Stored dataset items >>
=-=-=
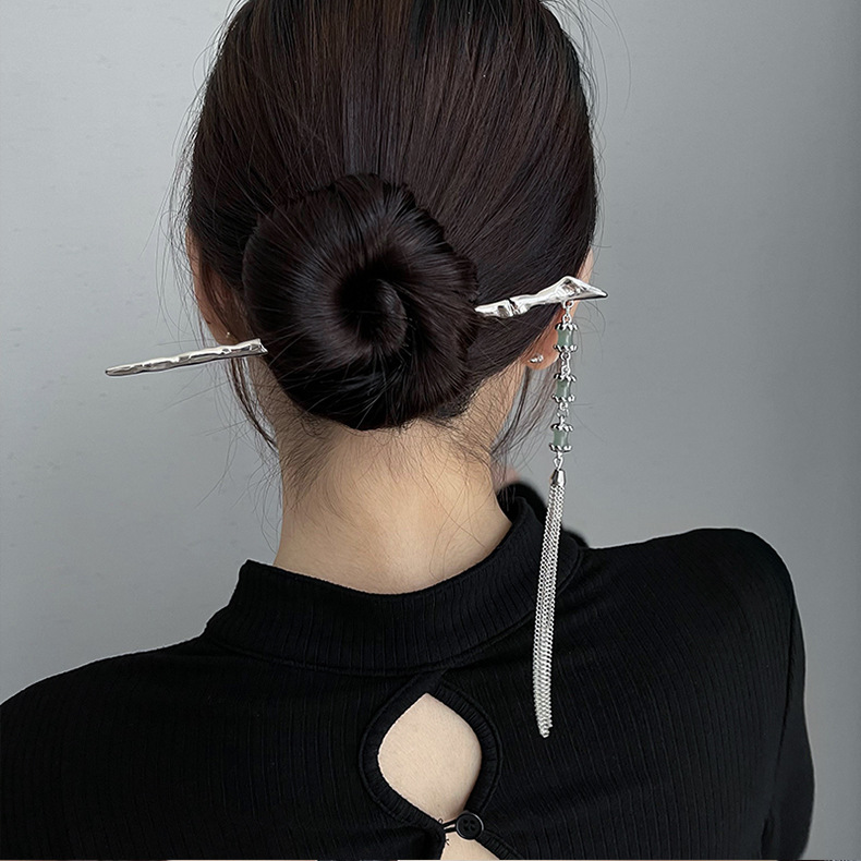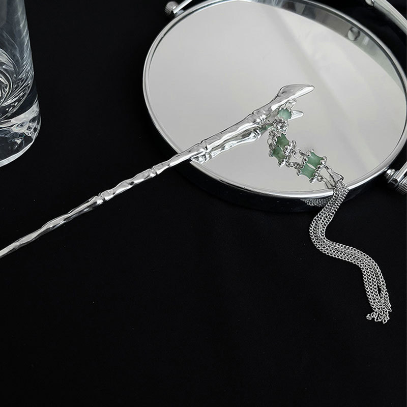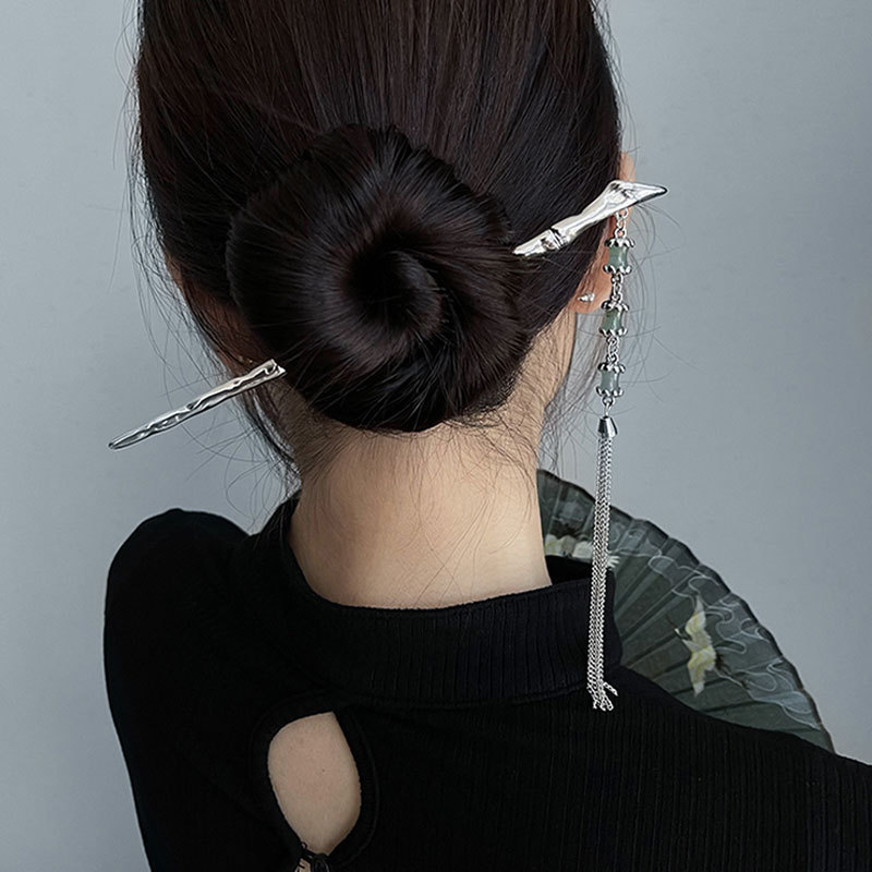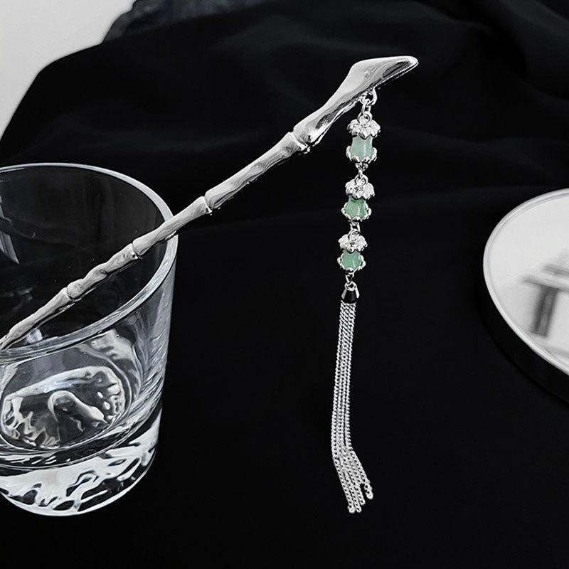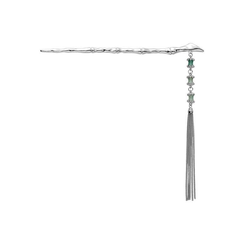 Color: AA0515 silver bamboo fringed hairpin
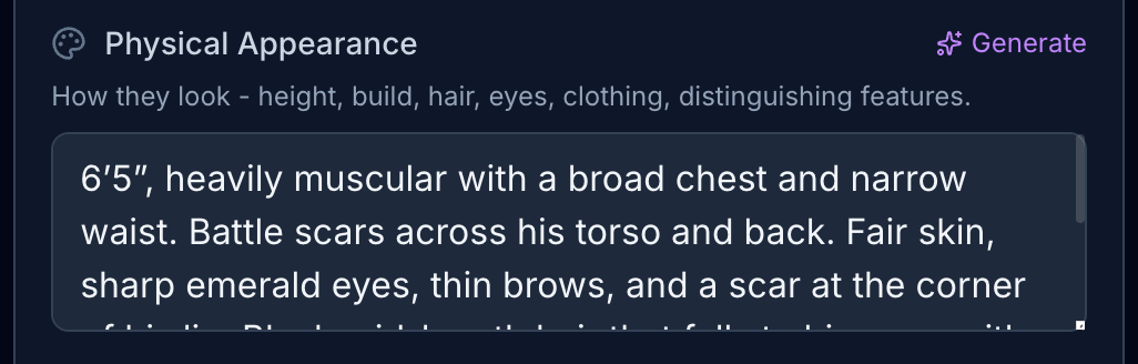 6’5”, broad and muscular with an inverted triangle build. Scar at the corner of his lip. Old battle scars across chest and back. Sharp green eyes, black mid-length hair. Usually in tight shirts, loose pants, sandals — simple, practical. Always looks like he just walked out of a fight.Keep him grounded and realistic. No glamorizing. No exaggeration.
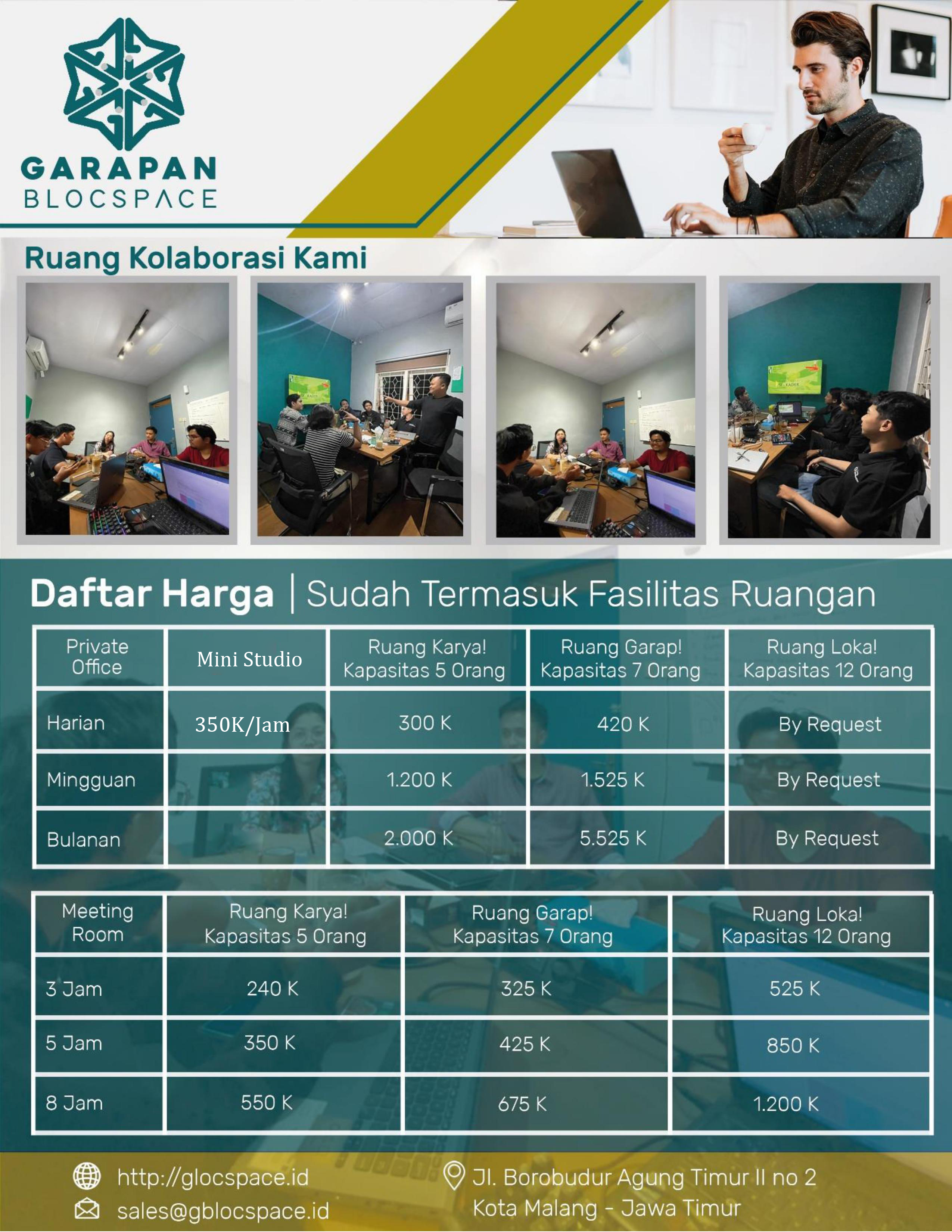 Dengan kombinasi fasilitas, fleksibilitas, dan atmosfer yang mendukung kreativitas, Garapan Blocspace adalah tempat yang sempurna untuk bekerja, berkolaborasi, dan mengembangkan bisnis di Kota Malang, Jawa Timur.
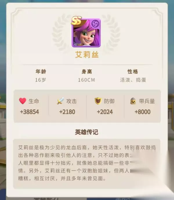 2、基础属性基础属性关系到三消战斗中对应元素珠的消除伤害、主动技能的伤害,受击时的防御力和生命值;带兵量关系到军团士兵出征数量。可通过升级和升阶进行提升,升阶消耗对应英雄碎片,可通过召唤阵、各大商店与活动获取,不同英雄的获取渠道存在差异。也可用对应品质的万能碎片进行转化,不过万难碎片获取不易,切勿浪费在过渡英雄身上,特别是SS级万能碎片,尽量给到阵容核心英雄。
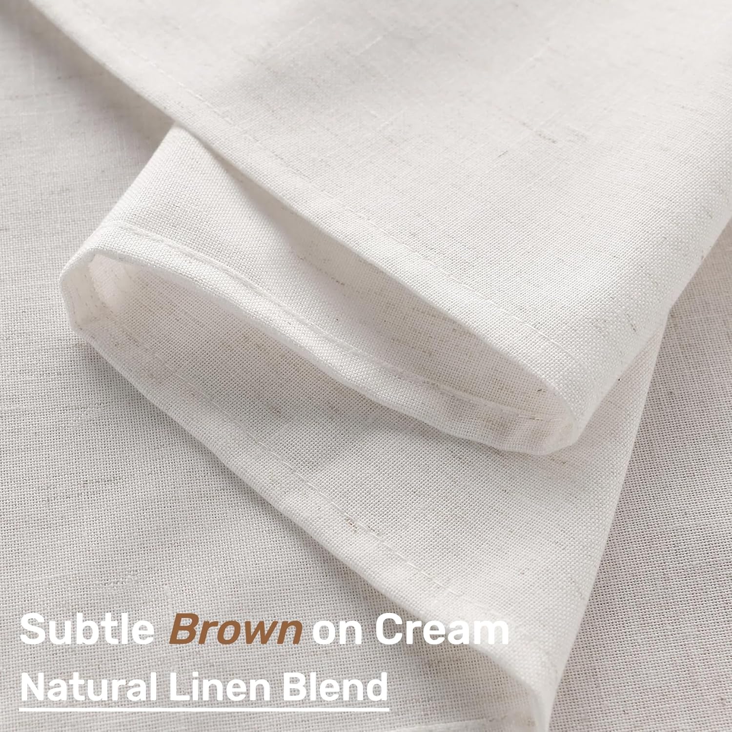 • Natural Linen Blended: Expertly crafted from a combination of linen and polyester, this linen tablecloth brings a richly textured fabric that drapes beautifully and feels soft to the touch. The cross-woven design adds a subtle, sophisticated pattern and enhances the natural linen texture, offering a more refined look compared to plain polyester alternatives
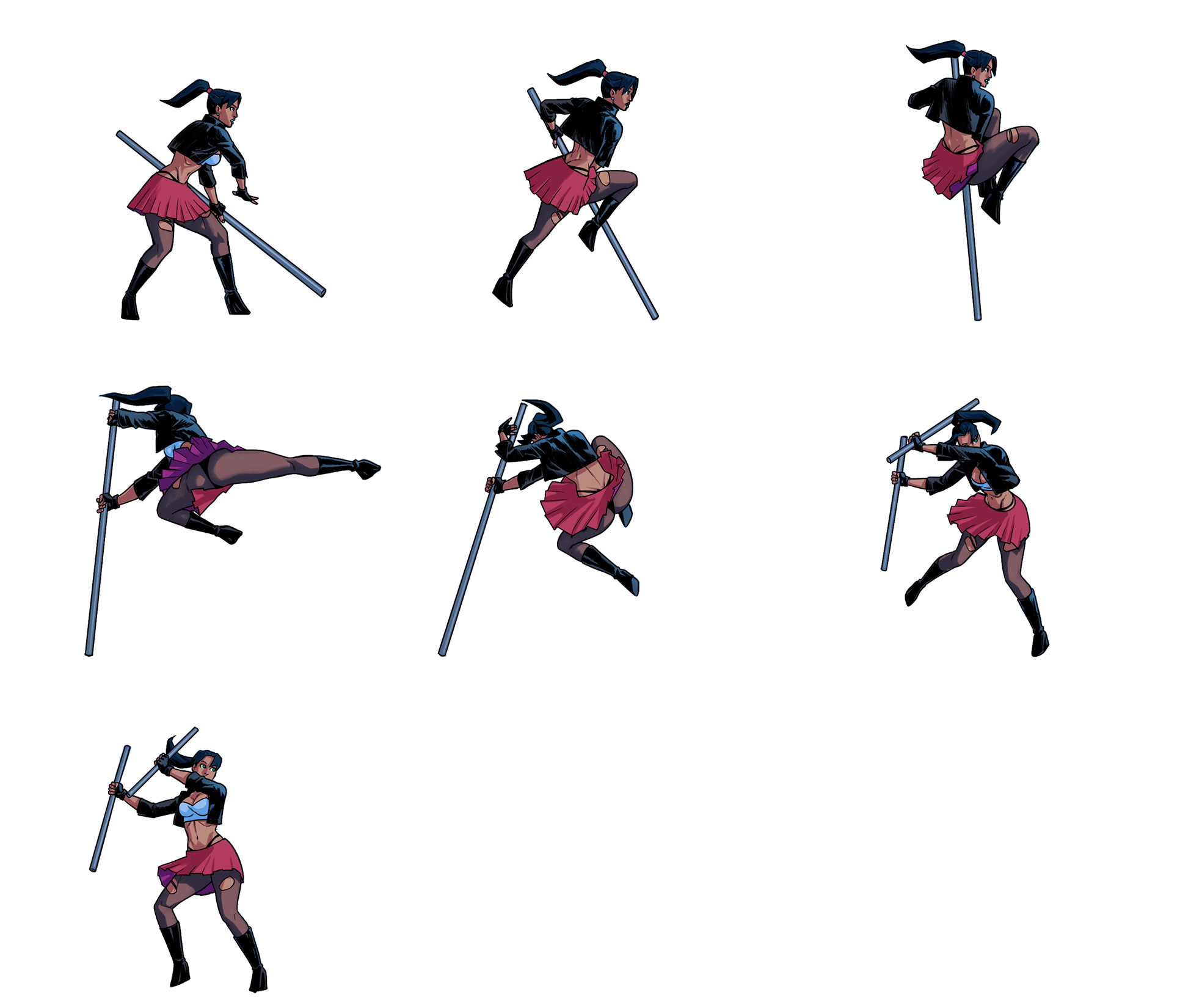 Jjang (짱) by Samsung is another beat 'em up title for Korean Windows PCs. Unfortunately, there aren't any screenshots of the zako, but it appears instead on the boxart below. A purple, haired girl with purple shorts and a purple sleeveless crop top with a "keyhole" in the middle exposing her cleavage. Not much known about her attacks and such sadly. But hey, she's all purple!!
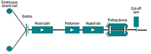 The process for the formation of panels and sheets of fiberglass is called pultrusion, which is different from extrusion. With pultrusion, a pulling system pulls the combined materials through the pultrusion machine.
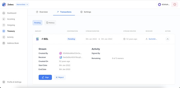 此外,對于Web3中的組織來說,共有金庫的管理也極為重要。Zebec Safe 在這個場景中發揮了作用:一個使用多重簽名的金庫,幫助組織成員共同管理資金。
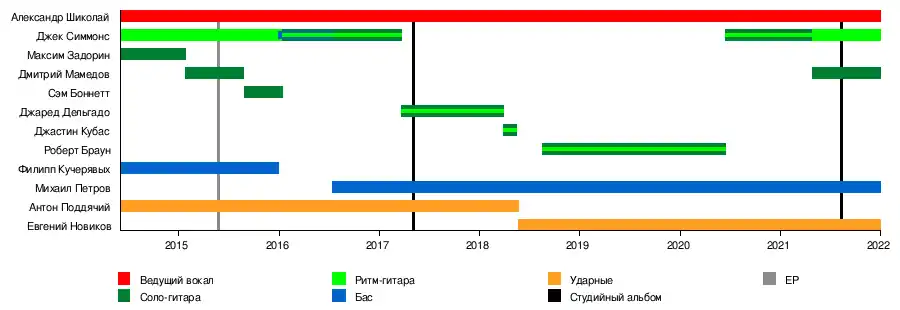 В декабре 2015 года группу покинули гитарист Ярослав Антоненко и бас-гитарист Филипп Кучерявых.
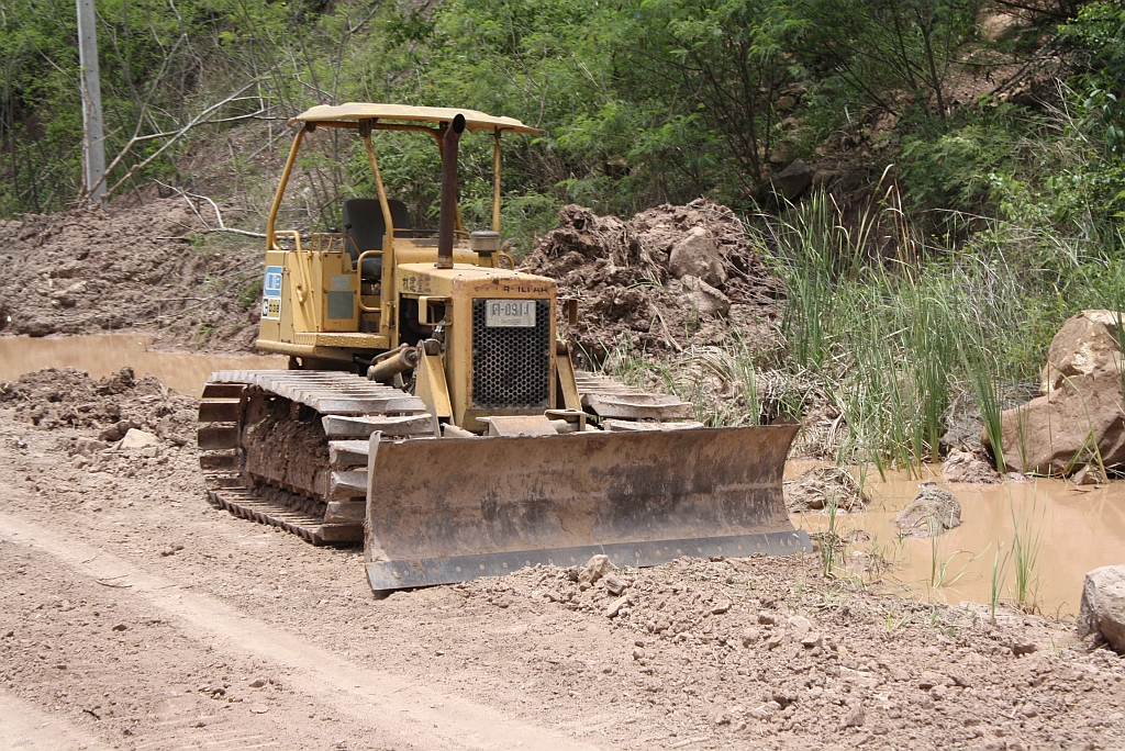 Planierraupe "Caterpillar D3B" gesehen am 13. Juni 2011 neben der Bahnstrecke zwischen den Bahnhöfen Chan Tuk und Khlong Khanan Chit.
=-=-=
Task details >> Give every line above again exactly, omitting whatever pictures appear.

Completed exercise >>
 Color: AA0515 silver bamboo fringed hairpin
 6’5”, broad and muscular with an inverted triangle build. Scar at the corner of his lip. Old battle scars across chest and back. Sharp green eyes, black mid-length hair. Usually in tight shirts, loose pants, sandals — simple, practical. Always looks like he just walked out of a fight.Keep him grounded and realistic. No glamorizing. No exaggeration.
 Dengan kombinasi fasilitas, fleksibilitas, dan atmosfer yang mendukung kreativitas, Garapan Blocspace adalah tempat yang sempurna untuk bekerja, berkolaborasi, dan mengembangkan bisnis di Kota Malang, Jawa Timur.
 2、基础属性基础属性关系到三消战斗中对应元素珠的消除伤害、主动技能的伤害,受击时的防御力和生命值;带兵量关系到军团士兵出征数量。可通过升级和升阶进行提升,升阶消耗对应英雄碎片,可通过召唤阵、各大商店与活动获取,不同英雄的获取渠道存在差异。也可用对应品质的万能碎片进行转化,不过万难碎片获取不易,切勿浪费在过渡英雄身上,特别是SS级万能碎片,尽量给到阵容核心英雄。
 • Natural Linen Blended: Expertly crafted from a combination of linen and polyester, this linen tablecloth brings a richly textured fabric that drapes beautifully and feels soft to the touch. The cross-woven design adds a subtle, sophisticated pattern and enhances the natural linen texture, offering a more refined look compared to plain polyester alternatives
 Jjang (짱) by Samsung is another beat 'em up title for Korean Windows PCs. Unfortunately, there aren't any screenshots of the zako, but it appears instead on the boxart below. A purple, haired girl with purple shorts and a purple sleeveless crop top with a "keyhole" in the middle exposing her cleavage. Not much known about her attacks and such sadly. But hey, she's all purple!!
 The process for the formation of panels and sheets of fiberglass is called pultrusion, which is different from extrusion. With pultrusion, a pulling system pulls the combined materials through the pultrusion machine.
 此外,對于Web3中的組織來說,共有金庫的管理也極為重要。Zebec Safe 在這個場景中發揮了作用:一個使用多重簽名的金庫,幫助組織成員共同管理資金。
 В декабре 2015 года группу покинули гитарист Ярослав Антоненко и бас-гитарист Филипп Кучерявых.
 Planierraupe "Caterpillar D3B" gesehen am 13. Juni 2011 neben der Bahnstrecke zwischen den Bahnhöfen Chan Tuk und Khlong Khanan Chit.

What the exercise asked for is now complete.